Retype the whole listing exactly. Leave out pictures.

**PROVIDED MATERIAL:**
----
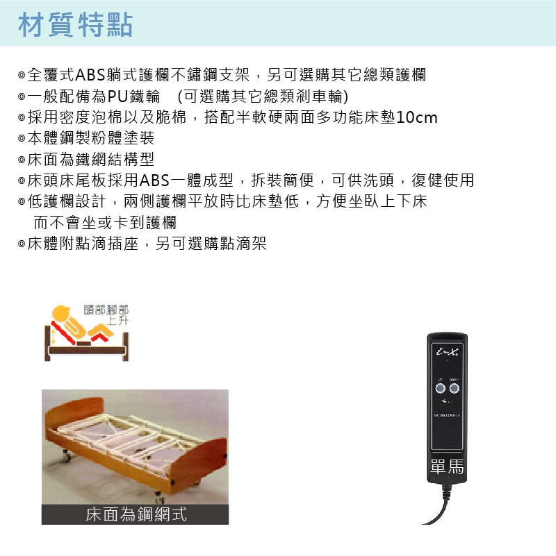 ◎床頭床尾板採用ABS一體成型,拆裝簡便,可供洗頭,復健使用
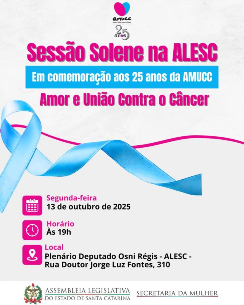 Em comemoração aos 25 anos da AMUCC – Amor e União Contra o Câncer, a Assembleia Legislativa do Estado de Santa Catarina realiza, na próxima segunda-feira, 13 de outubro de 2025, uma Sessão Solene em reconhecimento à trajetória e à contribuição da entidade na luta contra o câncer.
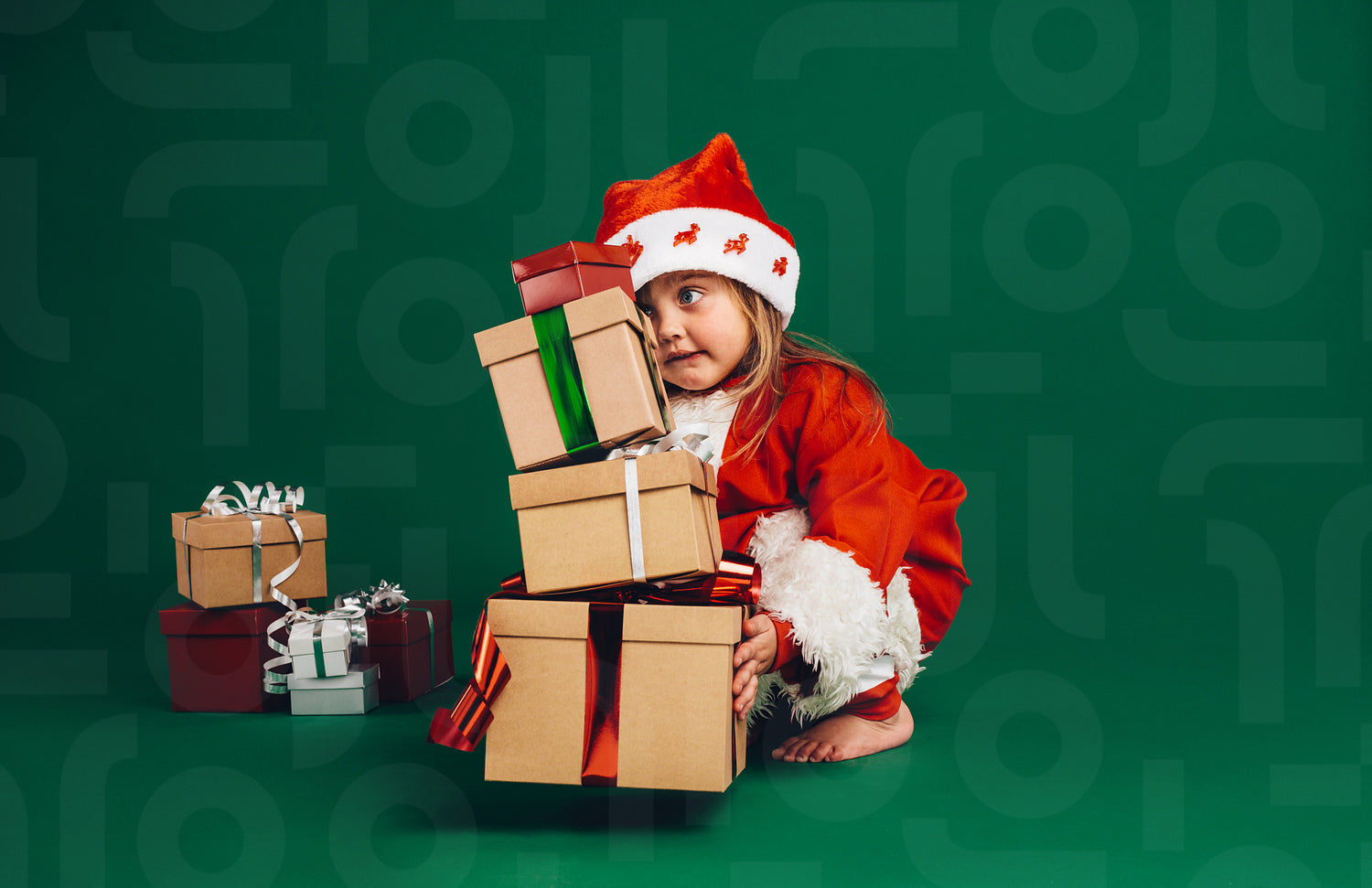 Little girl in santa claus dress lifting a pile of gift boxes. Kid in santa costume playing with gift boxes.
----
**ANSWER SPACE:**
 ◎床頭床尾板採用ABS一體成型,拆裝簡便,可供洗頭,復健使用
 Em comemoração aos 25 anos da AMUCC – Amor e União Contra o Câncer, a Assembleia Legislativa do Estado de Santa Catarina realiza, na próxima segunda-feira, 13 de outubro de 2025, uma Sessão Solene em reconhecimento à trajetória e à contribuição da entidade na luta contra o câncer.
 Little girl in santa claus dress lifting a pile of gift boxes. Kid in santa costume playing with gift boxes.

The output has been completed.